На этом фоне уже не странно, что традиционализм в форме воинственного политического ислама продолжает одерживать победы. Талибы вовсе не побеждены и, по оценкам аналитиков, в состоянии сорвать предстоящие летом выборы в Афганистане. Пакистан, первое в мире исламское ядерное государство, с трудом балансирует у фатальной черты стихийной клерикальной революции. Аятоллы без прошлой экзальтации, но прочно держат в узде Иран.
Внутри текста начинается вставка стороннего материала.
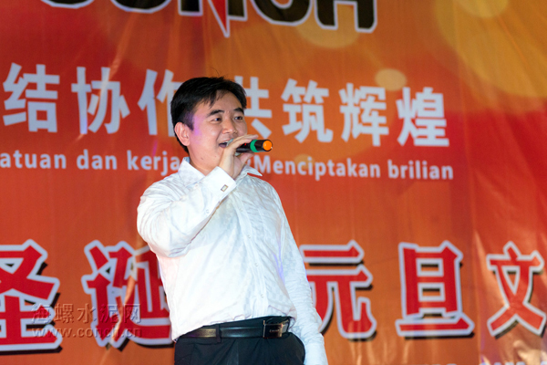 “你到我身邊,帶著微笑,流金的歲月,把你從遠(yuǎn)方帶到我的身旁”PT.SULENCO BOHUSAMI CEMENT公司董事長(zhǎng)卓瑞瑞的一首《遲到》,在公司總經(jīng)理曾國(guó)華的即興伴舞下,把晚會(huì)氣氛推向一個(gè)新的高潮,掌聲、歡呼聲、吶喊聲,聲聲不絕,渲染了晚會(huì)歡樂(lè)的氣氛。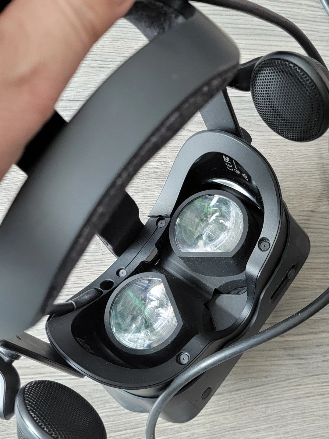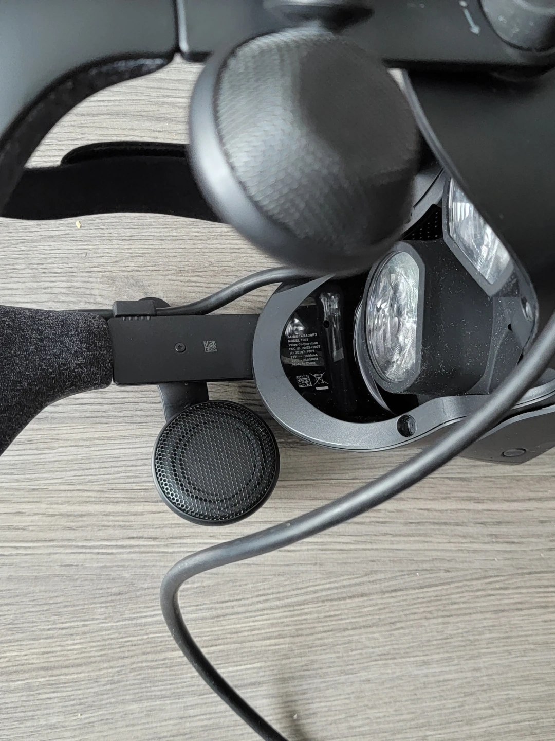 This is the Valve Index VR headset. It features integrated headphones for immersive audio. The headset has adjustable straps for a comfortable fit. It's great for virtual reality gaming and experiences!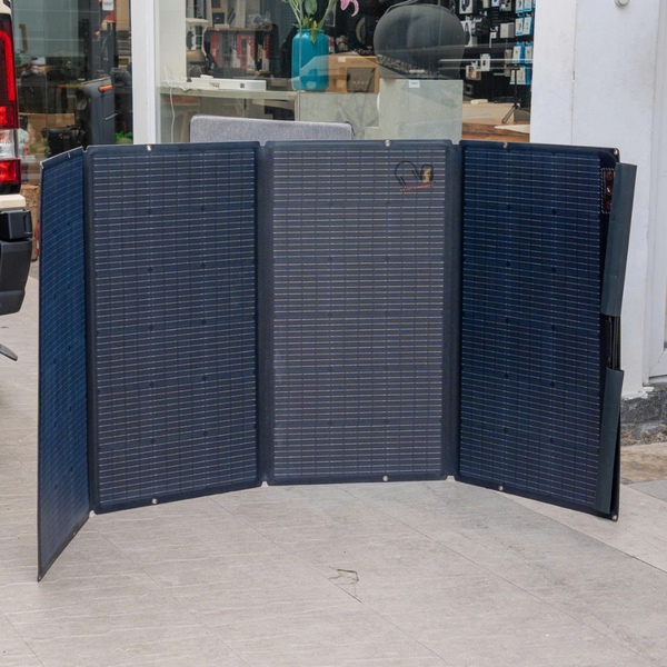Gấp gọn 4 lớp: Tấm pin có thể gấp lại gọn gàng như một chiếc túi xách, thuận tiện cho việc di chuyển bằng xe hơi hoặc lưu trữ.
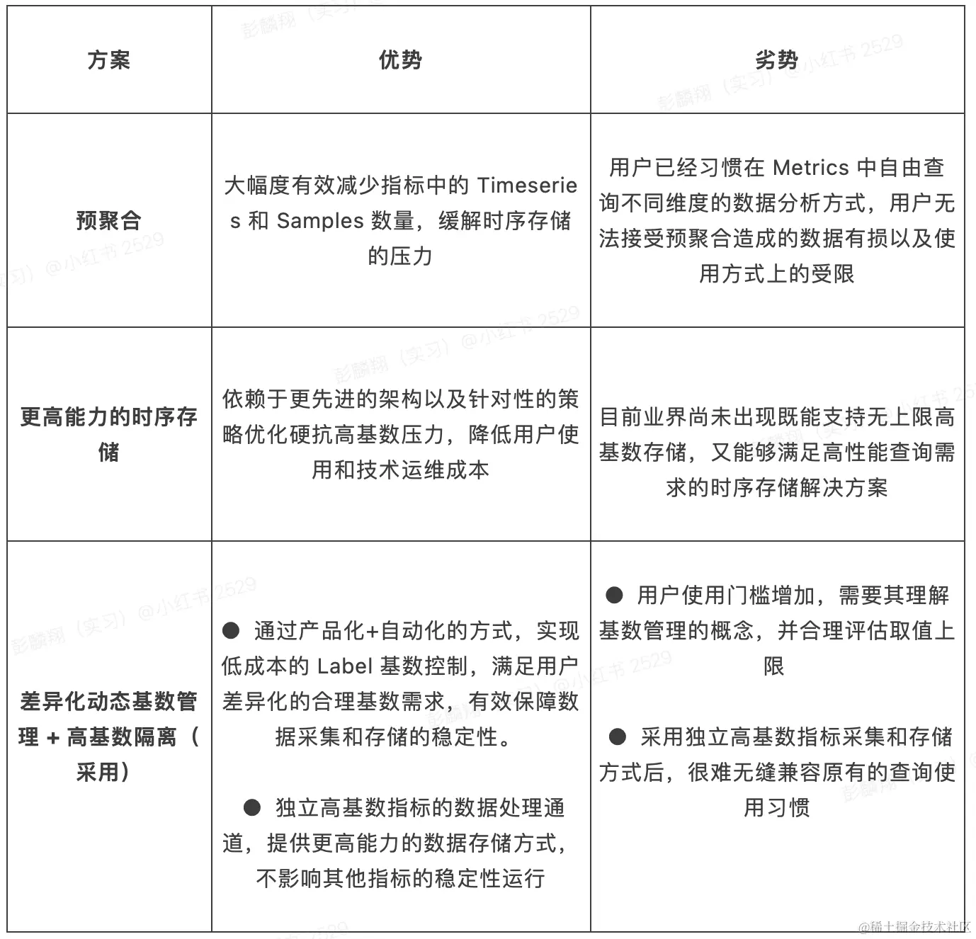 **高基数问题没有一个完美的解决方案,需要在性能、稳定性和成本之间进行平衡。**不同用户有差异化 Label 基数需求,例如基础组件、复杂业务场景的 Label 基数需求更高,不应该采取一刀切策略。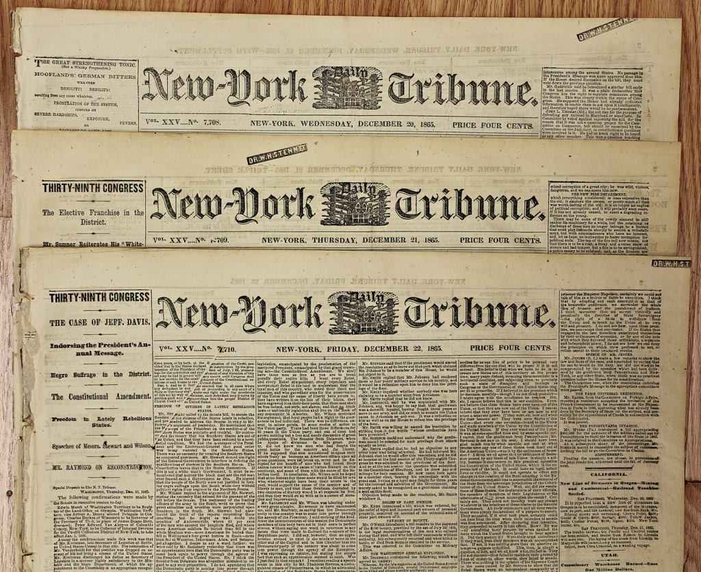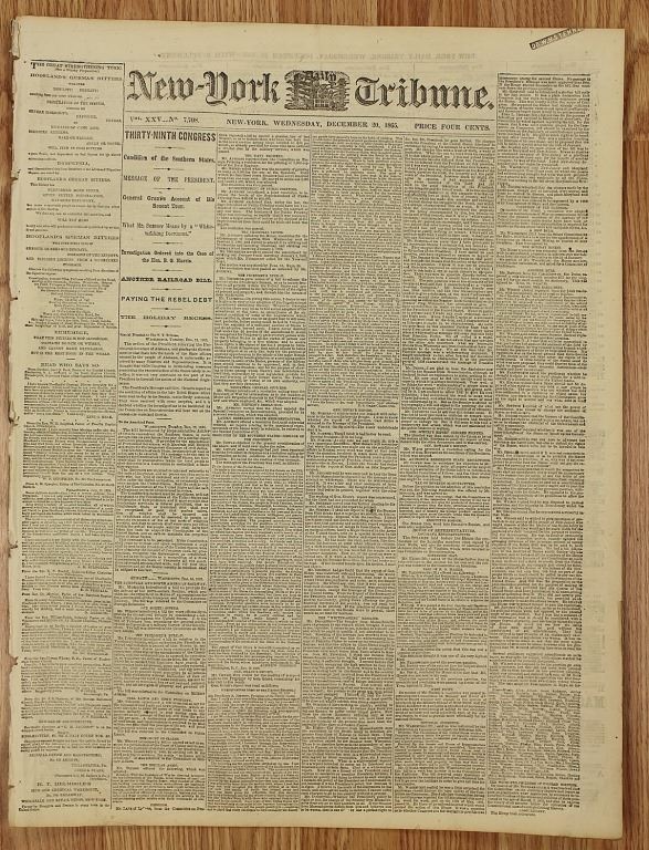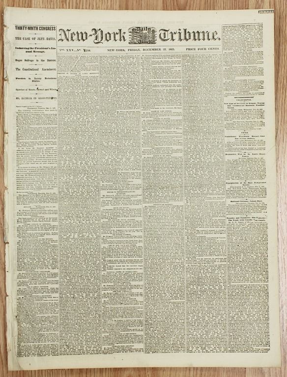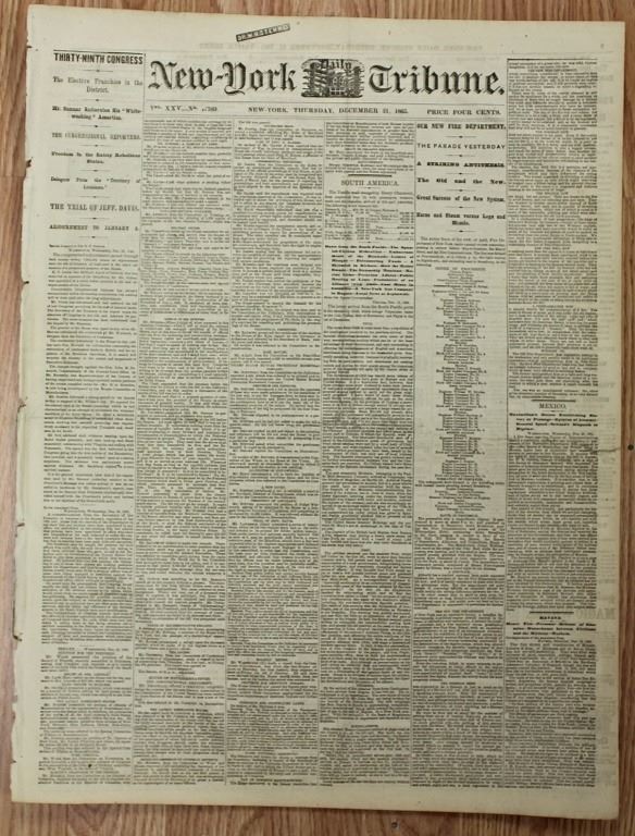 1861-1865. NEW YORK TRIBUNE, 100% AUTHENTIC AND ORIGINAL. WHAT A SUPER CONTENT TO READ! ESTIMATE: $150-$200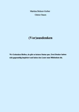 (Vor) ausdenken von Günter Baum, Martina Bohnet-Gerber Veröffentlicht am Montag 6. Mai 2013 von Books on DemandISBN: 978373222634448 SeitenGenre: Belletristik, Erzählende Literatur Teile dieses Buch auf: twitter facebook

И самое дикое — американцы собственными руками вымостили путь к победе исламистов в Ираке, где сегодня со стен всех домов на ошалелых (от вранья иракских и американских официальных лиц) журналистов смотрят портреты бородатого человека в черной чалме, точь-в-точь напоминающего незабвенного иранского аятоллу Хомейни — этого, без сомнения, самого радикального и успешного клерикала прошлого столетия!
Можно утешать себя тем, что американские, русские или французские церковники в политике менее опасны, чем иракские, пакистанские или афганские. Нельзя не видеть: под гимны о глобализации в мире поднялась глобальная волна религиозного фундаментализма, способного во всех странах, с соответствующими поправками, дать выбросы политического мракобесия. Пострадают от него и сытый Запад, и беспокойный Восток.